WHEREUPON, the Court determines that the plaintiff’s motion to certify a class action is without merit and is therefore DENIED. The defendant’s motion to strike the plaintiff’s reply memorandum is also DENIED. It is further ORDERED that plaintiff shall file a response within twenty (20) days of the date of this order establishing why the plaintiff’s claim under the Magnuson-Moss Act should not be dismissed. The defendant General Motors will then have ten (10) days in which to reply.
IT IS SO ORDERED.
. The plaintiffs reply memorandum states that “this plaintiff filed a Magnuson-Moss action only in the federal court and filed the state court claims in state court.” Reply Memorandum at 1.
. H.R.Rep.No.93-1107, 93d Cong., 2d Sess. (1974), reprinted in [1974] U.S.Code Cong. & Admin.News p. 7724. It should be noted that the strictures of § 2310(d)(3) apply only to actions brought in federal court.
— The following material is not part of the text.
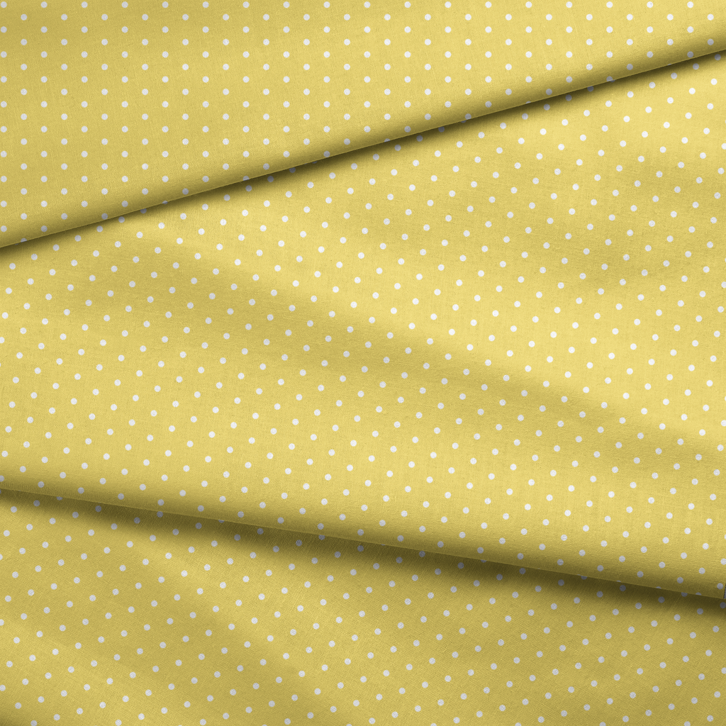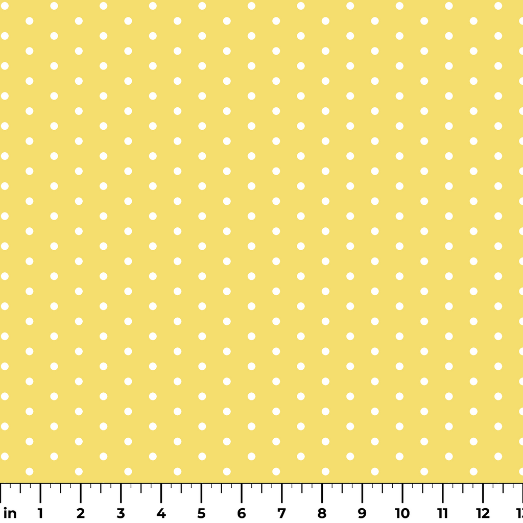 Elegant yellow background with white minimalist polka dots. The contemporary design features geometric shapes in a sophisticated color palette ideal for sewing modern home decor or nursery apparel.

Presumably, actions not meeting these criteria could nonetheless be maintained “in any court of competent jurisdiction in any State or the District of Columbia” as provided in § 2310(d)(1)(A).
. See id. at 7724-25.
. Such general and speculative allegations also fail to satisfy the much less specific prerequisite of Rule 23(a)(1), Federal Rules of Civil Procedure, that the class is so numerous that joinder is impracticable. Wright v. Stone Container Corporation, 386 F.Supp. 890 (E.D.Mo., 1974), affirmed 524 F.2d 1058 (CA 8, 1975); Bill Minielli Cement Contracting, Inc. v. Richter Concrete Corp., 62 F.R.D. 381 (S.D.Ohio, 1973).
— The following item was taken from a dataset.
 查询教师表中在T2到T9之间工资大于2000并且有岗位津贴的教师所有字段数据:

. The Court does not require absolute proof that § 2310(d)(3) is satisfied, but there must be a colorable showing that certain specific facts exist which make the action proper for certification as a class action. Such a showing must be made in any class action under Rule 23, Federal Rules of Civil Procedure; actions brought pursuant to the Magnuson-Moss Act simply require that the additional factors of § 2310(d)(3) be established before the action can proceed in federal court rather than state court.
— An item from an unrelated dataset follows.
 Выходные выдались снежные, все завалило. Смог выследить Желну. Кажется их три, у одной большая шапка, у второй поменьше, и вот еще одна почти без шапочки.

. The plaintiff also brought a class action for breach of warranty on various state law grounds in the Common Pleas Court of Franklin County, Ohio. The defendant, General Motors, moved to strike the class action allegations for failure to satisfy Ohio’s Rule 23, which is virtually identical to the federal rule. The Common Pleas Court granted the motion, finding that the case did not satisfy any of the provisions of Rule 23(A) or (B). Barr v. General Motors Corp., Case No. 77CV-11-4760, Court of Common Pleas, Franklin County, Ohio (August 15, 1978). This Court is in general agreement with the Ohio court that the plaintiff has failed to meet the numerosity requirement and the requirement that the plaintiff adequately represent the class. Thus, the plaintiff’s motion to certify in the present case would fail under Rule 23 even without the added burden of 15 U.S.C. § 2310(d).